Some antidepressants may cause more weight gain than others

Weight gain has long been a common side effect of antidepressants, but some of them are more likely to cause extra pounds than others, according to a new study.

The study, published Monday in the journal Annals of Internal Medicine, analyzed the electronic medical records of more than 183,000 U.S. patients who were new to antidepressants and tracked their weight for 24 months.

After six months, patients taking Lexapro, Paxil or Cymbalta had a 10 to 15 percent higher risk of gaining a clinically significant amount of weight, defined as at least 5 percent of their baseline weight, compared with Zoloft users. Those taking Wellbutrin were less likely to have this type of weight gain. The study included both brand-name and generic forms of each drug.

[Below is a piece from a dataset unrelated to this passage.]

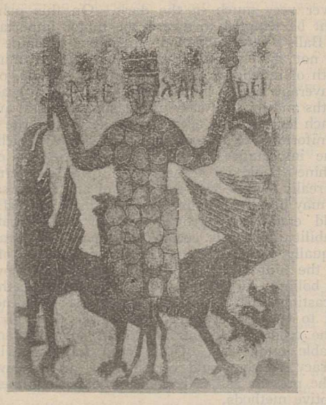
FIG. 1.—Detail of mosaic pavement, A.D. 1165, Otranto Cathedral.

San-Donino) of the subject as "Berta che filava"; and chains are shown as traces to harness the griffins. The detail of the mosaic pavement, A.D. 1165, in Otranto Cathedral bears the name Alexander, to prove there is no doubt of the subject.

“Many patients worry about gaining excess weight when they take an antidepressant,” said Joshua Petimar, an assistant professor of population medicine at Harvard Medical School and the Harvard Pilgrim Health Care Institute, and lead author of the study. That may be especially true for patients with a pre-existing health condition such as diabetes.

In addition, some patients stop taking their antidepressant — even if it is effective — because they do not like the weight they have gained. “That can also lead to a range of adverse outcomes, such as increased risk of hospitalization or relapse of symptoms,” Dr. Petimar says.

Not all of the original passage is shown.